= Katherine Woodfine =

British children's author (born 1983)

Katherine Woodfine (born 1983) is a British children's author, known for The Sinclair's Mysteries series beginning with The Mystery of the Clockwork Sparrow.

== Biography ==
Katherine Woodfine was born in Lancashire in 1983. She studied English at Bristol University and in 2005 she was highly commended in Vogue magazine’s annual Talent Competition for young writers. Woodfine lives in London.

Woodfine's first job was working in Waterstones bookshop in Lancaster. She later managed a bookshop and gallery at Cornerhouse, Manchester’s international centre for visual arts and film, and worked for Arts Council England’s North West office, specialising in literature.

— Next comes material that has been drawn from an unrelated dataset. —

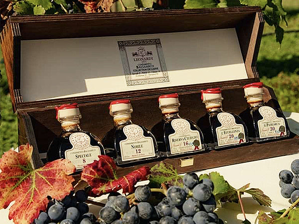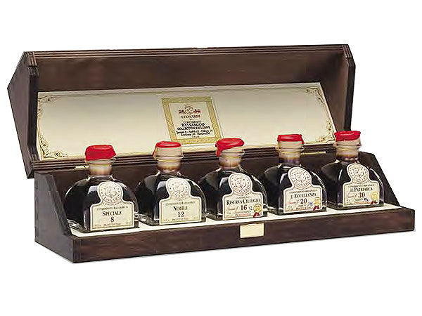 un prezioso cofanetto in legno contenente 5 bottigliette sagomate a calamaio con pregiate selezioni di originale aceto balsamico di Modena Acetaia Leonardi

She spent six years working for Booktrust where she project-managed the Children's Laureateship and worked on other children's book prizes and initiatives, including YALC, the UK’s first Young Adult Literature Convention, curated by Malorie Blackman.

She now combines writing with other children's book projects, including the radio show and podcast Down the Rabbit Hole for Resonance FM, discussing children’s literature.

Woodfine writes a blog, Follow the Yellow.

She has contributed to Mystery & Mayhem by Egmont Books, published in May 2016 along with 11 other authors including Clementine Beauvais, Elen Caldecott, Susie Day, Julia Golding, Frances Hardinge, Caroline Lawrence, Helen Moss, Sally Nicholls, Kate Pankhurst, Robin Stevens and Harriet Whitehorn.

She has also contributed to Winter Magic curated by Abi Elphinstone, published in November 2016.

== Novels ==

- "The Mystery of the Clockwork Sparrow" (2015)

- "The Mystery of the Jewelled Moth" (2016)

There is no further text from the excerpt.